At that moment Jim and Anita Camden were sitting on folding chairs in the middle of their two-car garage. The car had been moved outside to make room for their work. Around them, on both sides of the open room, long shelves held an eclectic assortment of cardboard boxes, each one a repository of some bit of their personal histories, the remnants of forty-nine years together….of the two of them as newly-weds, the satisfying family years, raising Larry and Ann in their comfortable Tanner home, and finally the empty-nest years that had led to their present quandary.
They were effectively surrounded by their own past. As always it would be about choices, Jim reminded himself….suddenly captured by that insight. The persons they had become and the lives they had created were the results of choices made along the way. Now, awash in the unexpected anxiety that accompanies a financially necessary change, they were about to come face to face with stark reminders of that past.
Each of those boxes contained the evidence of earlier choices….reminders of once-special times that he or she had thought important enough to transport into their future. As they prepared to revisit decisions made for reasons they perhaps did not remember, they sensed the ghostly presence of times past.
The task itself, as Jim had explained, was simple enough. It would involve a new round of choices….deciding what to keep, what the children wanted, what to give away, and what to consign to the trash barrel. It would take a while, but it was time to begin….at least until Jim watched his wife’s head sink into her cradling hands.
“How can we do this?” Anita whimpered. “We ought to keep it all. Every bit of it is important. It was then, and it still is.”

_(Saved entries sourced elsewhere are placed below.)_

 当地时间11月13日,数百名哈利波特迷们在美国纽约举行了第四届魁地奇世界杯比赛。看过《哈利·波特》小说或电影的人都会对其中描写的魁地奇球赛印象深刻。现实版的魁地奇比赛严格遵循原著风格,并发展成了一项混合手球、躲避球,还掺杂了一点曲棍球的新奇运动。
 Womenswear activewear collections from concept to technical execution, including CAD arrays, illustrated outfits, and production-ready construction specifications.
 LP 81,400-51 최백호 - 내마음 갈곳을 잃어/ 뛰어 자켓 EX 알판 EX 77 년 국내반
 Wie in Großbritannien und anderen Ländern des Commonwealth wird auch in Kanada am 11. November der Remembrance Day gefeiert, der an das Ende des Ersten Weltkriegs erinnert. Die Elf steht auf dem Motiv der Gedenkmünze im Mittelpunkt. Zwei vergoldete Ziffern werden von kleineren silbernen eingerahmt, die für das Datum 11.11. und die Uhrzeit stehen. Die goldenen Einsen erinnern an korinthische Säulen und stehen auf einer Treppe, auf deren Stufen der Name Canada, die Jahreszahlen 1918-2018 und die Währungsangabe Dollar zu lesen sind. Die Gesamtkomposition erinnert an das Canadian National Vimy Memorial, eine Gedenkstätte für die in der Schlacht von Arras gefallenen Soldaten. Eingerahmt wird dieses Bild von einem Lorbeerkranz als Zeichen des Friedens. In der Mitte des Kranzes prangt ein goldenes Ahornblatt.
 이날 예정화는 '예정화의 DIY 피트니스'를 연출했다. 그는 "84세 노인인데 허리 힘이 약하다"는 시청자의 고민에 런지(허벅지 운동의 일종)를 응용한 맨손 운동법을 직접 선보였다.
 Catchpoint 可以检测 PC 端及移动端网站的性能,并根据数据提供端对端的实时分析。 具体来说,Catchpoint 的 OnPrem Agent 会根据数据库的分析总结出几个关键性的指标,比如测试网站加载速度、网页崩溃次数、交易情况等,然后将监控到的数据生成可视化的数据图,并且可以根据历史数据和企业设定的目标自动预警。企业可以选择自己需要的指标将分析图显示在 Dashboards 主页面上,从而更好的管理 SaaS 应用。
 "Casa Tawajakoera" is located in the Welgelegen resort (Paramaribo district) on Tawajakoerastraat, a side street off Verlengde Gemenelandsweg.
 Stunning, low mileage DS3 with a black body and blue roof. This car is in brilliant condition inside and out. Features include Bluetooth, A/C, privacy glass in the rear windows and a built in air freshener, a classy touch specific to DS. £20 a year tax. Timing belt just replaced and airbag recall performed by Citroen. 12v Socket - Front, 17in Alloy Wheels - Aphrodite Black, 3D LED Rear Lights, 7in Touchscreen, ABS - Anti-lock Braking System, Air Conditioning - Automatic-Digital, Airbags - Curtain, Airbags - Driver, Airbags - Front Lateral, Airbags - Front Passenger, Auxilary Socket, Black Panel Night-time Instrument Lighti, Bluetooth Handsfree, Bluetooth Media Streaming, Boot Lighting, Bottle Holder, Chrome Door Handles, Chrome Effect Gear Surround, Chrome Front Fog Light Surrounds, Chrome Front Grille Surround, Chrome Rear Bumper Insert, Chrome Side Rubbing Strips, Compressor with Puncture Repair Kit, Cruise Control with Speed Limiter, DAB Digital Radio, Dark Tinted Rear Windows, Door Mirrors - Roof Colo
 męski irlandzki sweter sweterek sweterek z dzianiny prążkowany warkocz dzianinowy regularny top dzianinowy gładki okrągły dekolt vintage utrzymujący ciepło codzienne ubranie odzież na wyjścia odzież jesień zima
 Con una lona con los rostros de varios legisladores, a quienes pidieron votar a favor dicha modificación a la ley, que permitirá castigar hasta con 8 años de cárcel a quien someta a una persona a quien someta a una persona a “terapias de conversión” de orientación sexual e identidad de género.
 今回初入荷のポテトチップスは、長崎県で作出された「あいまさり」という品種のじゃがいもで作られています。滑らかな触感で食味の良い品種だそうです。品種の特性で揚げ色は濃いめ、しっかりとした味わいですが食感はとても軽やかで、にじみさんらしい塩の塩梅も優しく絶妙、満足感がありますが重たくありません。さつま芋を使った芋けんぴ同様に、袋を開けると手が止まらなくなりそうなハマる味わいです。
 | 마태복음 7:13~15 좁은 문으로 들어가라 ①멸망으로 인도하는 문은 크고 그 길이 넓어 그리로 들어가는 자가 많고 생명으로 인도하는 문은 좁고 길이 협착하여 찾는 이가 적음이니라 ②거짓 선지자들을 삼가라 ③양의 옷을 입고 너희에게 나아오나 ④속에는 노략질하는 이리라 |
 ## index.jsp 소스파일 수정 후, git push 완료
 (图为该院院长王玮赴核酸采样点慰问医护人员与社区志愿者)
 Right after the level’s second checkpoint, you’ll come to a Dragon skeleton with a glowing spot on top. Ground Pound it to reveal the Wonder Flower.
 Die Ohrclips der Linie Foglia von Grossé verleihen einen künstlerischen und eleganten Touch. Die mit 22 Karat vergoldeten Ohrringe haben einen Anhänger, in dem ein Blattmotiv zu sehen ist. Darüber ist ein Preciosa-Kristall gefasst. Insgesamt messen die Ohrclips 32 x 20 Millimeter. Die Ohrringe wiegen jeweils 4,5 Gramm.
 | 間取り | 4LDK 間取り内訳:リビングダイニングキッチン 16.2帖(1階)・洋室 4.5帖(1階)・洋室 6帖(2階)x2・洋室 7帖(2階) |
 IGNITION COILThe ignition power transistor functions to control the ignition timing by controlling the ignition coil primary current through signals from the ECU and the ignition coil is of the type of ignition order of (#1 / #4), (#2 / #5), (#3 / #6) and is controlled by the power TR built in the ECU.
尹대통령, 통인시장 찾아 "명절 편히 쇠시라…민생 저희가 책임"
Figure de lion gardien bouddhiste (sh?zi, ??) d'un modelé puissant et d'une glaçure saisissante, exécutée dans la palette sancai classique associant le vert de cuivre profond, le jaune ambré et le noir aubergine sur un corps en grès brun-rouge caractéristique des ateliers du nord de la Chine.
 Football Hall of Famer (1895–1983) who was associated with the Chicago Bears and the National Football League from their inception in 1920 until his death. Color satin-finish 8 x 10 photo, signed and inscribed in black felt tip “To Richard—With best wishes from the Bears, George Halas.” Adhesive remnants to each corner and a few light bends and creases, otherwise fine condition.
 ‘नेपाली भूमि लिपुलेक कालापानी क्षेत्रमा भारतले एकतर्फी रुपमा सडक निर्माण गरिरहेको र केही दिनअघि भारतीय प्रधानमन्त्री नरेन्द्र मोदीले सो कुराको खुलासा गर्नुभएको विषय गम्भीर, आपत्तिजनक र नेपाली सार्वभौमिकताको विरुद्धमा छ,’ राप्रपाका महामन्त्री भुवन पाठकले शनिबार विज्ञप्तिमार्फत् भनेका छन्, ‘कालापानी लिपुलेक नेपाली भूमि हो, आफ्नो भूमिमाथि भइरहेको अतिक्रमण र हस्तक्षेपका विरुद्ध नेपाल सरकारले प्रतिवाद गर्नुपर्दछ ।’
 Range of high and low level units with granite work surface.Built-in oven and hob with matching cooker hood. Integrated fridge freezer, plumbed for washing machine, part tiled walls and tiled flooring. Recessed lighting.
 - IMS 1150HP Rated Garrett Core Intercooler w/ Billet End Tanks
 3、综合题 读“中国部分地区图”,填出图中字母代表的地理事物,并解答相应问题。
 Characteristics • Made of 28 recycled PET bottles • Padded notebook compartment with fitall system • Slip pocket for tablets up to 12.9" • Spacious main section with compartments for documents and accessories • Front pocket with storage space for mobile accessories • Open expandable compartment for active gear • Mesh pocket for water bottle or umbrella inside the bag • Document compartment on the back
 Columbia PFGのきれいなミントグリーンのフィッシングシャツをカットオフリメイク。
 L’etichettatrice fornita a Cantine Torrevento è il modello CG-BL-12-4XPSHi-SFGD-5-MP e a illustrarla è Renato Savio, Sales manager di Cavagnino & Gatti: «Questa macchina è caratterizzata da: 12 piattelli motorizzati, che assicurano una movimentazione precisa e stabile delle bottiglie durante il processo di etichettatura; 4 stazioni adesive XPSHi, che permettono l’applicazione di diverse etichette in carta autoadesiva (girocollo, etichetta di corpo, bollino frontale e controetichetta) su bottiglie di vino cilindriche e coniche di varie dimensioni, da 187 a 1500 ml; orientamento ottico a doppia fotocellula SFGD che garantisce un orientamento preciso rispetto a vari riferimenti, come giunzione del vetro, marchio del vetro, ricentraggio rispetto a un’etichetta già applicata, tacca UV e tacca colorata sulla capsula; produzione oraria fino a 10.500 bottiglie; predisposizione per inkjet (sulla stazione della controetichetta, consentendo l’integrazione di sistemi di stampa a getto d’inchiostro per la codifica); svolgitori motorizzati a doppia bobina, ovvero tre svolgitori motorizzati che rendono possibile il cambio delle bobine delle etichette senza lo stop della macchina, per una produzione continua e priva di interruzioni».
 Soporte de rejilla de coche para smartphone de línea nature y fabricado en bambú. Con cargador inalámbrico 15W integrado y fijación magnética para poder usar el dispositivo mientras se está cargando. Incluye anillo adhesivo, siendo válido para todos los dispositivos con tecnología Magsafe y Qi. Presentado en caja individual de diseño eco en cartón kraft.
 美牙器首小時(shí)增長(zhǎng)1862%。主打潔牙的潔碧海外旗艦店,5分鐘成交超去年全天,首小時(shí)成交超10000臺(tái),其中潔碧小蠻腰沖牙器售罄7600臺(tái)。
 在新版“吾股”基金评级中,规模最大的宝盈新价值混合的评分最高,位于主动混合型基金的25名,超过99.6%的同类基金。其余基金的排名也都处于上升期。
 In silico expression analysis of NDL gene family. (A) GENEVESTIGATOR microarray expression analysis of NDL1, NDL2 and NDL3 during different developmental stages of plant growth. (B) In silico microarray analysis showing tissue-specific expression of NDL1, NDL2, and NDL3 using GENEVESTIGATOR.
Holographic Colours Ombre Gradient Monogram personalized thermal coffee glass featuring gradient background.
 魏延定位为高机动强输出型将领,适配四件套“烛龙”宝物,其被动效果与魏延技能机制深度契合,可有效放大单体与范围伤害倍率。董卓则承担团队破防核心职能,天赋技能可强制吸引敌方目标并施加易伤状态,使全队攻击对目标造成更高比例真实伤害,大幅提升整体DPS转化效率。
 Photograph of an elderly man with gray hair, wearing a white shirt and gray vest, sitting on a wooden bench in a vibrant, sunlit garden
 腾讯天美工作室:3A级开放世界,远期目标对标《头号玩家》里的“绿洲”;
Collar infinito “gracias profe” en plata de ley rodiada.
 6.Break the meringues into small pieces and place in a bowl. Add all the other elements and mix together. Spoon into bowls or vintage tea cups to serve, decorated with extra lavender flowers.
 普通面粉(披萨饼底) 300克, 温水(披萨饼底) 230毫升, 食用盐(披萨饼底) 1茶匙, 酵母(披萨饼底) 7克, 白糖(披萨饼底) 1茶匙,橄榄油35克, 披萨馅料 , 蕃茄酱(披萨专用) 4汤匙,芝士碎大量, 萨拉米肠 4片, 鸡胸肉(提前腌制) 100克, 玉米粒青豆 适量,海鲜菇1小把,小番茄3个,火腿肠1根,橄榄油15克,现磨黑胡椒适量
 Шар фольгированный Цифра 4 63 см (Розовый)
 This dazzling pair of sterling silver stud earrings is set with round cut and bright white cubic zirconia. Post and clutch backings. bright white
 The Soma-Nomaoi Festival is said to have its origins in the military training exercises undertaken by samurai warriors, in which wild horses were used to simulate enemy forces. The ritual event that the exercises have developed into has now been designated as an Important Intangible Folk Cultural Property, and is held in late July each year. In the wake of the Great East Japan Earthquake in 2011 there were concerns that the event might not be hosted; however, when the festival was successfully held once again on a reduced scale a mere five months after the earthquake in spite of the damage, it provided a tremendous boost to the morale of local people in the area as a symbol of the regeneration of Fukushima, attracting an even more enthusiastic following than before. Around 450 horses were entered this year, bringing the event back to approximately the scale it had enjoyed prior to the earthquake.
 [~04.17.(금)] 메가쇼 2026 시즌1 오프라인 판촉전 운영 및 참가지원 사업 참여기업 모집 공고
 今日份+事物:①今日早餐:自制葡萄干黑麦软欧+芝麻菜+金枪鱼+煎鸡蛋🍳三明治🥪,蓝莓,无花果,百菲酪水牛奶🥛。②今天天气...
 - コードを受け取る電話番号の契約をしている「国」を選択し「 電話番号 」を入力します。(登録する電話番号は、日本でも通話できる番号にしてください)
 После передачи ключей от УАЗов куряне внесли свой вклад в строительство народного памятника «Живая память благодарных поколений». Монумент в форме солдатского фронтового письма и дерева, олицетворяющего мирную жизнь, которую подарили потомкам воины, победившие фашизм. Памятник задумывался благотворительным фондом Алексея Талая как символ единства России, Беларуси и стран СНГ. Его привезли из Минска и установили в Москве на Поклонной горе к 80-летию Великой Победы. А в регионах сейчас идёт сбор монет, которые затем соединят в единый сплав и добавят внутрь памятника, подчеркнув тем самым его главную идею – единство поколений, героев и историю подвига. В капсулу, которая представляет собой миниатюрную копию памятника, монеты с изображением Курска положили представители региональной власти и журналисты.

It was not a time to be debating the logic of what must be done. He knew better than that. Instead, it was time for kid gloves and going slow, allowing her to proceed at her own naturally-reserved pace.
On the other hand, the story Best Friends and Promises illustrates a very different sort of downsizing. Aaron Peck’s wife has been moved to an Alzheimer’s ward and the big house must be sold to pay for her care. Again, it was about choices….choices he must make for the two of them---choices he wished he could avoid.
In early March the house on Elm Street, their home for forty-eight years, was sold. For Aaron the troublesome process of selling….meetings with the realtor, leaving the house when it was being shown, the final round of paperwork…. triggered a renewed sense of loss.
For days he sorted and packed, urging their daughters to select the mementos they wanted for themselves. In the end he avoided the weekend garage sale they held to dispose of the remaining items. It was more than Aaron was willing to bear, watching the remnants of a lifetime with Leona being sold off as casual collectibles to unknowing strangers.
Finally the dreaded day came. The home where their life together had been lived belonged to strangers. The girls went back to Portland and Aaron sat alone in the cramped living room of his Samson Street apartment, mourning the loss of what had always been their home, and the reasons that had made it necessary.
Downsizing….some of us will choose to avoid those trials and all that goes with them by doing nothing, leaving family and friends to deal with that after they are gone. For the rest of us the process will be a bitter-sweet visit to earlier times ….a return that is bound to include hard choices and occasional regret.
Finally, if you know someone who is or might be facing their own downsizing challenge you might pass this post on to them. Perhaps they need to know that even though the choices will be hard, and they may not agree about what is worth saving….once they are done the remaining doubts they feel are quite normal. In the end it is a matter of life-balance….one way or another we are destined to part with all that stuff we have saved to remind us of what once was.